§ **Exercise materials**:
===

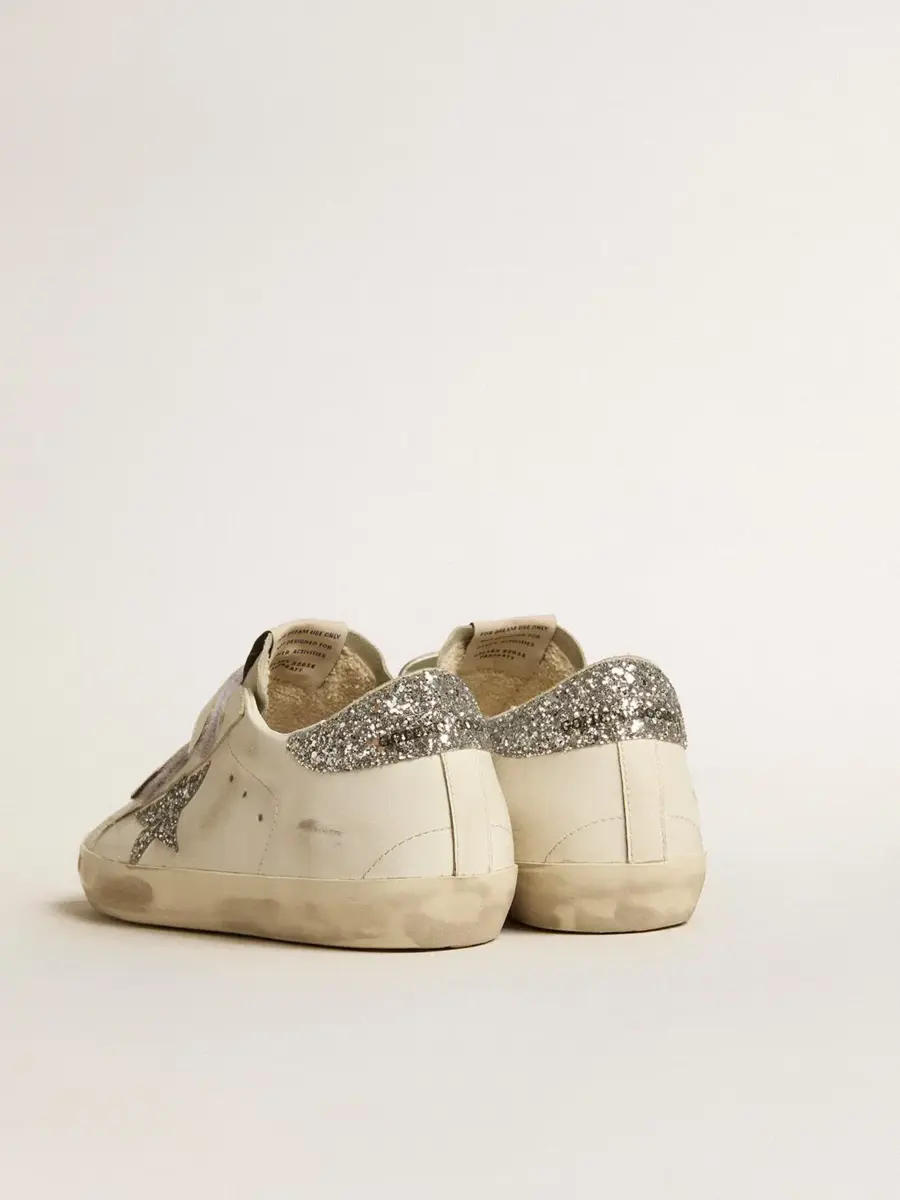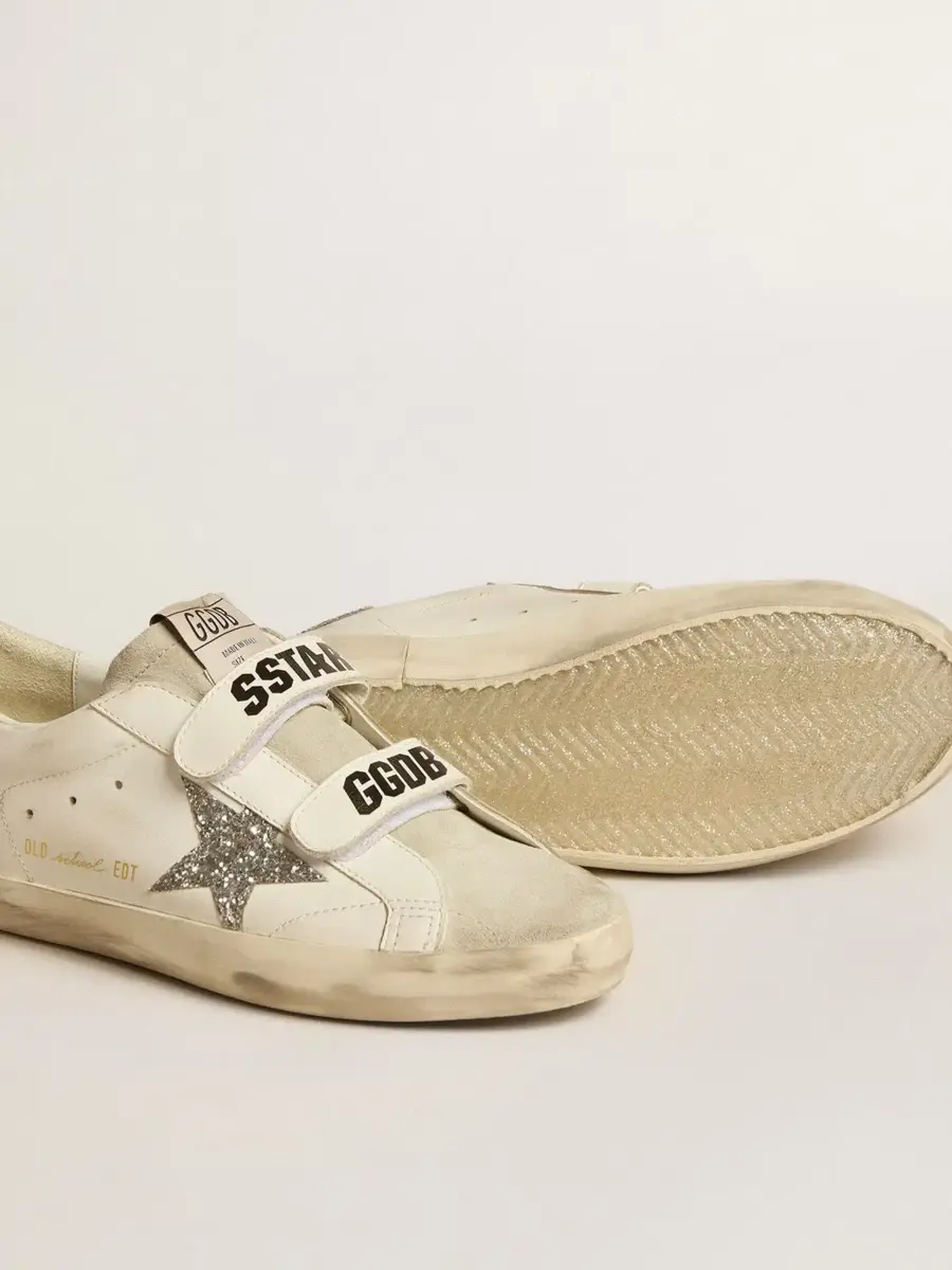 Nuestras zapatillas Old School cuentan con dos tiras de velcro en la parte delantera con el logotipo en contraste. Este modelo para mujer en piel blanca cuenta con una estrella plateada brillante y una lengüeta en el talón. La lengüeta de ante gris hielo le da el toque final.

===

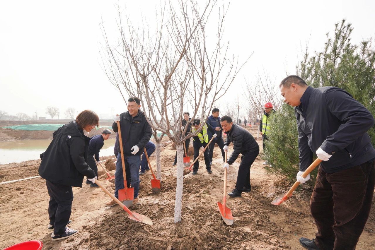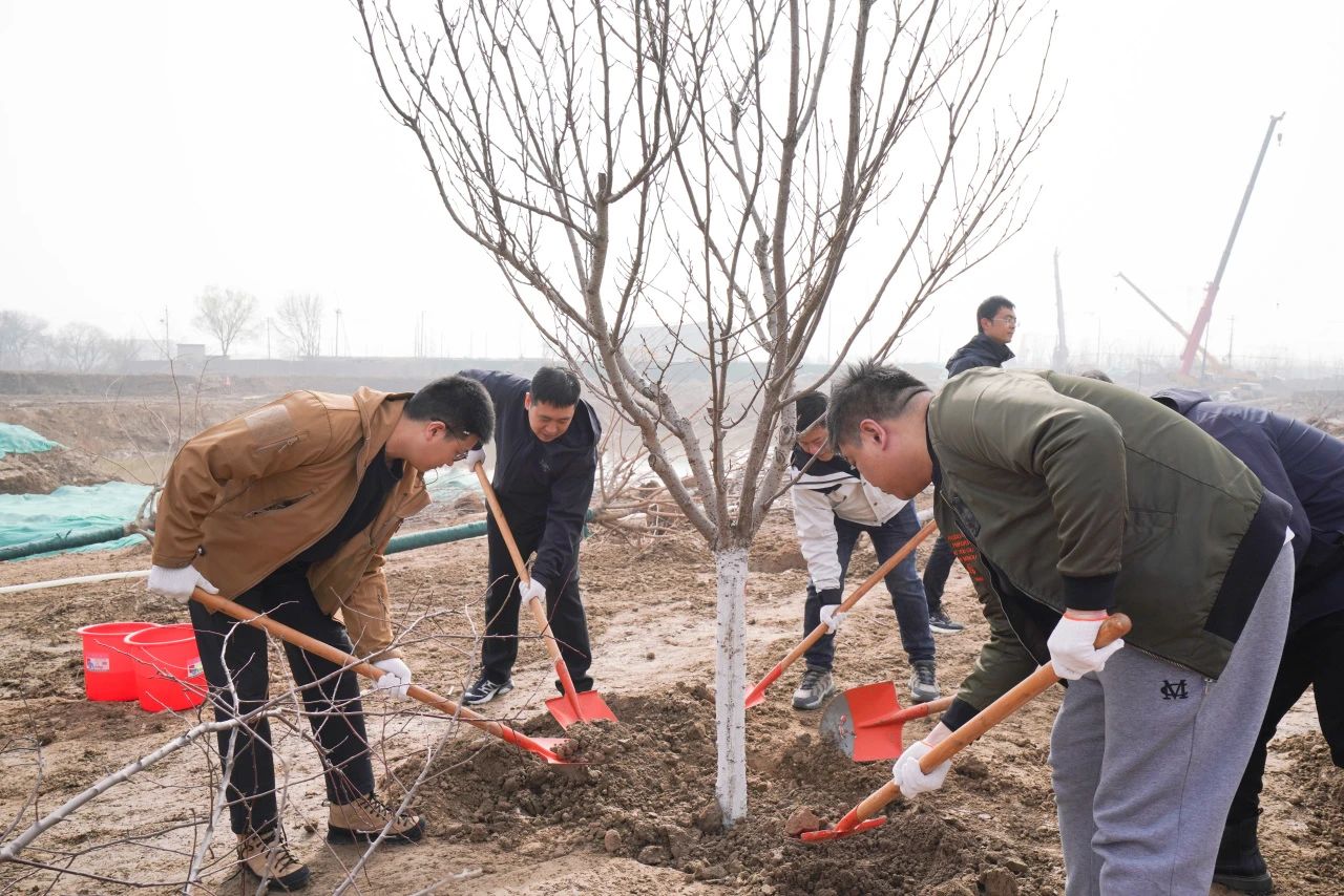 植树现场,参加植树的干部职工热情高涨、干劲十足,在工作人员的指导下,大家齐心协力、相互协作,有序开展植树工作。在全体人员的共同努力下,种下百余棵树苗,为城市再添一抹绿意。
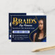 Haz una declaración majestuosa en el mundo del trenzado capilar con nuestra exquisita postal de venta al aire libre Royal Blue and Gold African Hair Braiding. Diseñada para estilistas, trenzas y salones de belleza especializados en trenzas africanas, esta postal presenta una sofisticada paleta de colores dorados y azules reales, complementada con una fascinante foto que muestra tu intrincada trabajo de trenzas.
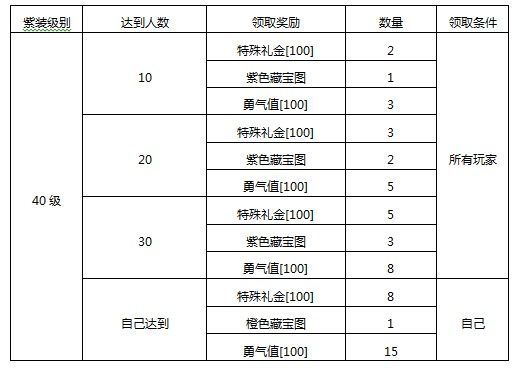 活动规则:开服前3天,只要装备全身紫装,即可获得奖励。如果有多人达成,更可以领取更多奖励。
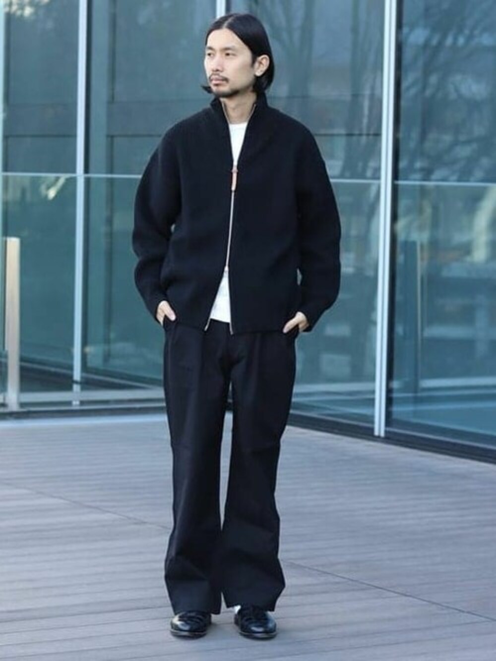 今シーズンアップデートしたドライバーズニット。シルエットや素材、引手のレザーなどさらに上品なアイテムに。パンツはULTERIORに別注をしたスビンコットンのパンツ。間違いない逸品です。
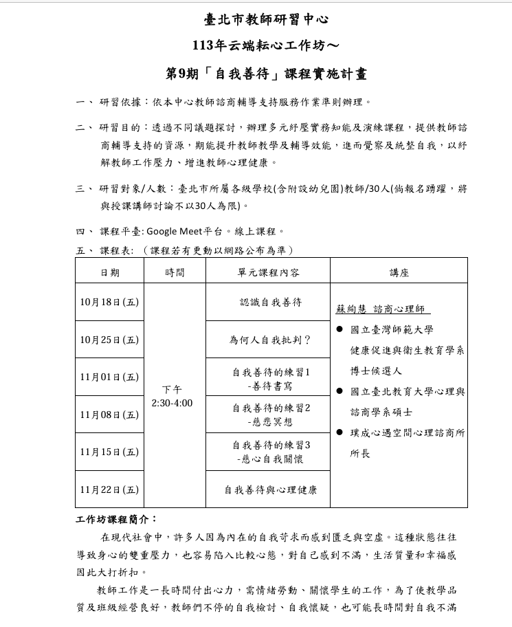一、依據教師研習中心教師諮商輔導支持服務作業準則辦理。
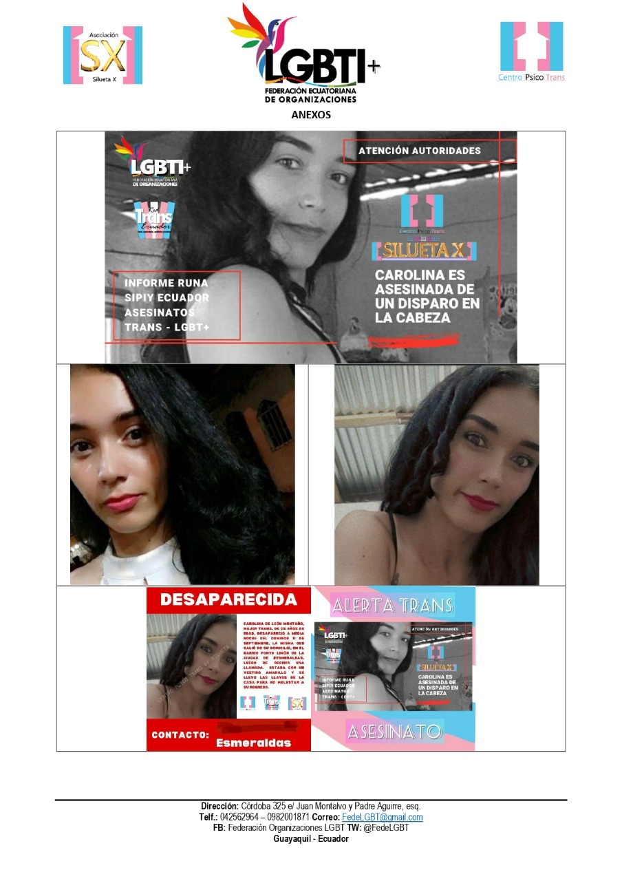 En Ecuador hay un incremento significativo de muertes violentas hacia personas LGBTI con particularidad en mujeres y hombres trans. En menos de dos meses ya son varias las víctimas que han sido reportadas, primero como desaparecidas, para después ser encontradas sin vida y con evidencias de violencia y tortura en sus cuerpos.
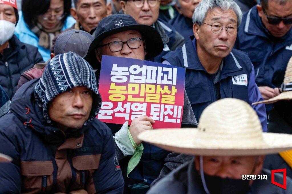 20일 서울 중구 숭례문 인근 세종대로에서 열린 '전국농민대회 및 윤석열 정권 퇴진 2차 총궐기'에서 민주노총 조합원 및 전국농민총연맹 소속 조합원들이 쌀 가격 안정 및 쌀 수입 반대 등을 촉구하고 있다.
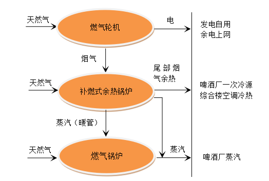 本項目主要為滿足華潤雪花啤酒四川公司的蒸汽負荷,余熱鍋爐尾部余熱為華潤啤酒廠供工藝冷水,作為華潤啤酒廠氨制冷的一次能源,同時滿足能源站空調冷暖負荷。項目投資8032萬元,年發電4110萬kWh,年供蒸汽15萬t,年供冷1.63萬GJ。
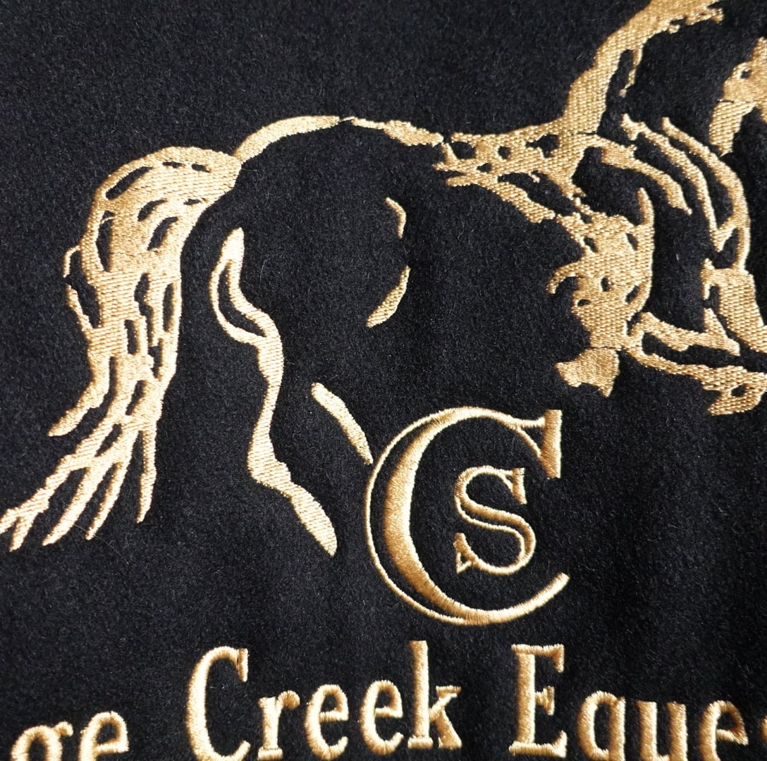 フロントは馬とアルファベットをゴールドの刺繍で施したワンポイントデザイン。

===

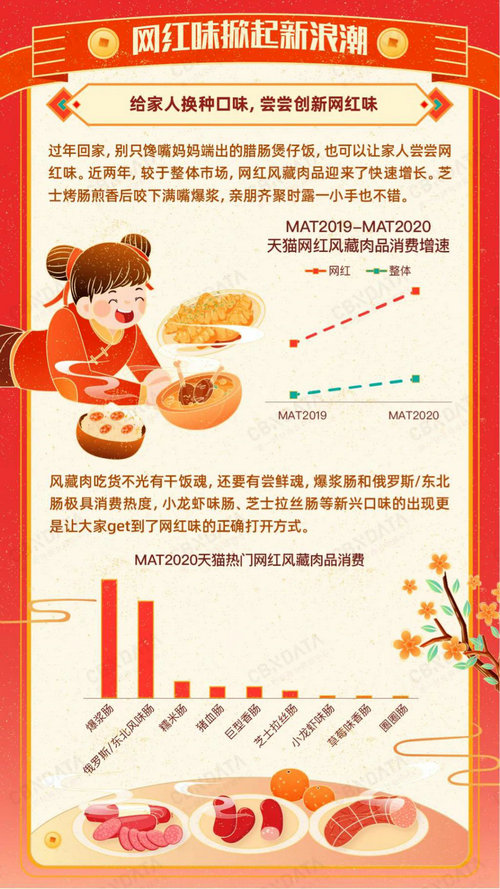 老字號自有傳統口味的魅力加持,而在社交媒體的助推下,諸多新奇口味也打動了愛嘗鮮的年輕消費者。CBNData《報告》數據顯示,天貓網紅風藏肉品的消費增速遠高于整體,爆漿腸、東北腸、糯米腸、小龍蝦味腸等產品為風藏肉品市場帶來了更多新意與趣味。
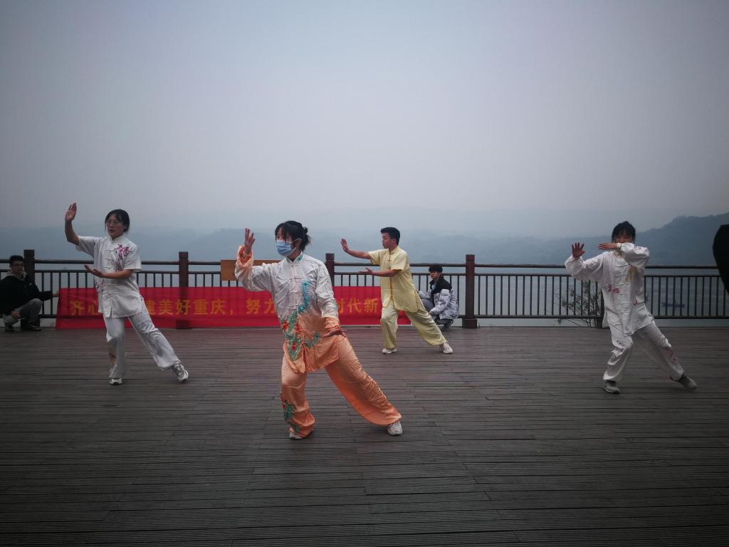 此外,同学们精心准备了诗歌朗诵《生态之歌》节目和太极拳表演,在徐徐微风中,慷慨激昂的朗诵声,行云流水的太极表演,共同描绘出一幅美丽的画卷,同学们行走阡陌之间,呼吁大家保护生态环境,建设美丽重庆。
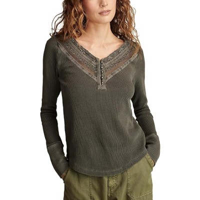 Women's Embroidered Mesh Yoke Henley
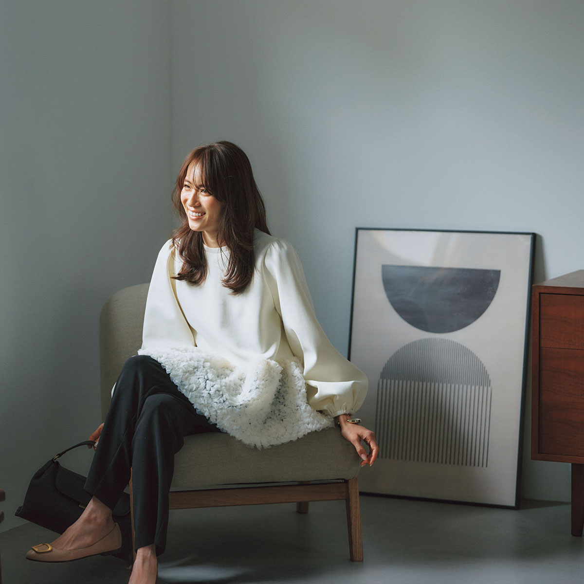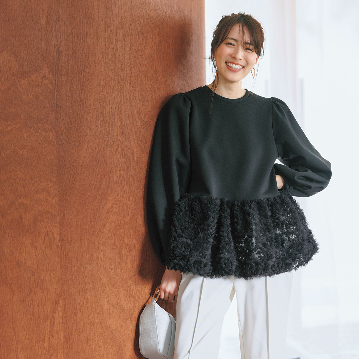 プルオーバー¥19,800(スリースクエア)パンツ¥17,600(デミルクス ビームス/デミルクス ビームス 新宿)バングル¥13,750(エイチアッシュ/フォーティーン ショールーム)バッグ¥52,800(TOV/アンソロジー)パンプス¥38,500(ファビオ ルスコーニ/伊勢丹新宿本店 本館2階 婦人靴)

===

§ **Task instructions**:
Copy exactly the lines of the entries above from the one containing "En Ecuador hay" through the one containing "20일 서울 중구 숭례문". Both end lines count; pictures do not.

§ **Task result**:
 En Ecuador hay un incremento significativo de muertes violentas hacia personas LGBTI con particularidad en mujeres y hombres trans. En menos de dos meses ya son varias las víctimas que han sido reportadas, primero como desaparecidas, para después ser encontradas sin vida y con evidencias de violencia y tortura en sus cuerpos.
 20일 서울 중구 숭례문 인근 세종대로에서 열린 '전국농민대회 및 윤석열 정권 퇴진 2차 총궐기'에서 민주노총 조합원 및 전국농민총연맹 소속 조합원들이 쌀 가격 안정 및 쌀 수입 반대 등을 촉구하고 있다.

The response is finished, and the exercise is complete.